If I had to name one woman who would always get straight to the brutal, yet truthful point, it would be Annie Danielewski, better known as Poe. Poe, an alternative singer/songwriter who enjoyed a massive hit in the mid-‘90s with “Angry Johnny,” is never afraid to speak her mind. The campers of GRAMMY Camp® were able to get a taste of that honesty during an evening Artist Story Panel. Before that discussion began, the five journalists at camp, including myself, were each able to ask her a question.
Question: Your name is Poe and I’m assuming you’re a big fan of Edgar Allan Poe. Are you in love with him?
Answer: I’m not in love with him seeing that he is dead and that would be a sad life to live. But no, my parents actually read me a story called “The Masque of the Red Death” when I was a little kid. When I was eight, I went to a costume party dressed as the plague. After that I called myself Poe and I was only eight so I thought everyone would get it. It was just friends of my parents, but the name Poe stuck. My mom’s friend called her up and said, “How’s Poe?” And then I embraced it. The next year at school they called me Annie and I said, “No, I prefer to go by Poe.”
Question: What are some childhood lessons that you apply to the music industry?
Answer: No matter what it costs, you always tell the truth. And it pays off in the end in everyway that’s important when it comes to making music and actually contributing as opposed to what people think who have guided you.
Question: How does it influence you working with different musicians?

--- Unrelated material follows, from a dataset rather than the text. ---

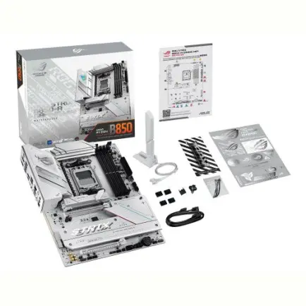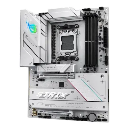 ROG Strix B850-A виділяється своєю вражаючою білою друкованою платою, пропонуючи свіжу та сучасну естетику, яка ідеально доповнює майже будь-яку систему. Відповідні металеві радіатори покращують його чистий, чіткий вигляд, а тонке RGB-підсвічування на кожусі вводу/виводу дозволяє зберегти елегантний, стриманий зовнішній вигляд або продемонструвати сміливий, яскравий дизайн.

Answer: If you pick something to do that you love there’s no greater influence than someone that’s better than you, someone that has knowledge that you don’t. I recently spent a lot of time with an upright player by the name of Dave Carpenter…he played with like Miles Davis. He’s one of those guys that’s so gracious that he would sit there and do blue scales with you for six hours -- total ultimate patience and kick your ass and tell you why you’re not hearing it, but never hurt your feelings. In my life there have been a number of those people, but there are very few who can challenge you without shutting you down; someone who pushes you further without challenging your faith in yourself. I’ve had a number of those musicians in my life that I’m constantly learning from. The beauty of music is the fact that you never really get good at it. Every time you sit down to play a chord you’re like “Why didn’t I hear that before?” Every song [you wonder] why isn’t it working? It’s this thing you have to crack and when you do it’s this monetary high for like 10 seconds and then the next ones brutal again, but it always teaches you something.
Question: What artists working today do you think deserve more appreciation?
Answer: The sad thing is that they're all people that you wouldn't have heard of. The greatest cello player in the world is a guy named Cameron Stone; he has an amazing voice as well. He plays cello like Hendrix played guitar. I kid you not. The guy grew up with two classical musician parents. You can sing something to him and he can write it down. When he hit age 16 he decided he needed to be a punk rocker so he starting improvising on his cello and got a big stack of Marshall pedals. The thing is he's one of those rare combinations of a guy who has the technique of a Yo-Yo Ma, but was able to let that go and dive into improvisation in the modern sense, and I actually want to make that guy's record. I'm a huge fan. He toured with us so I know him well. There's a guy named Darren Johnson who's a piano player, the guy's so gifted, it's insane. These are people you would not have heard of. Darren Johnson you probably would have heard, he's a big session player, he plays on everyone's records, and he's also a guy that plays with Miles. These guys write songs that are just mind blowing, I watch some of the things these guys go through as far as people trying to fit them into the industry or to do this or do that, but talent like that is timeless.